No one is at the office on the weekend, so I figured I was safe and I still wore my mask inside just in case and no one was there.

Just my sad little plants.

I gave them all a good watering and then shut the office back down.

Next week I will be doing all my sessions remotely, I figure, just be safe.

I don’t need to expose my suitemates to anything.

I do hope to test negative tomorrow.

I had a moment of thinking, ooh, I’ll go swimming tomorrow if I test negative.

Yeah.

I don’t know about that.

Sounds great, but considering the amount of congestion and aching lungs I have experienced over the past nine days, maybe swimming laps is not the course of action to take on my first day back into the world.

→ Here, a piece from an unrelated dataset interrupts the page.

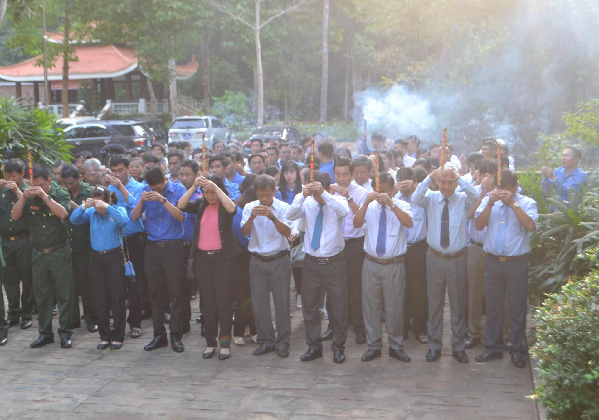 Đại biểu dâng hương tại Nhà tưởng niệm di tích Đảng ủy Dân Chính Đảng Trung ương Cục miền Nam.

I’ll get up and stretch again and do minimalist yoga.

I’ll go for a walk.

I’ll prep food for the week.

I will dream about all things Burning Man.

Yeah.

That thing.

I am going.

I haven’t really written about it.

I’ve been tied up with all things FINISH YOUR FUCKING DISSERTATION.

I mean.

It’s finished, I mean, finish jumping through the hoops that your school forgot to tell you to do even though they approved you to graduate.

Oh.

You’re missing something and we forgot to tell you?

OOPS.

I mean.

The profound apology from the provost helped, but like, dude, I’ve not actually graduated yet.

Which is also why Burning Man is on my mind.

I “graduate” eye roll, at the end of summer.

That is when I will officially matriculate.

I returned the dissertation with the few edits that the writing center indicated needed to be done; for the pain in the ass y’all have been, you could have just fucking fixed them and moved it along, in 274 pages there were five things that needed to be attended to.

Anyway.

I’ll be connecting with the guy at the center who is the last gate keeper to getting it published on ProQuest on Monday.

Pending his final stamp of approval I will then upload it and that’s it.

It will get published and I will matriculate.

At the end of summer.

Which means.

I get to graduate.

Again.

And this time.

I’m going to do it my way.

At Burning Man.

Yeah.

Where my graduate school journey started back in 2014 when I had a dark night of the soul.

I left Burning Man that year distinctly altered.

I quit the job I had been working.

Got a different one.

And applied to graduate school to get my Master’s in Psychology.

I got in and started in the fall of 2015.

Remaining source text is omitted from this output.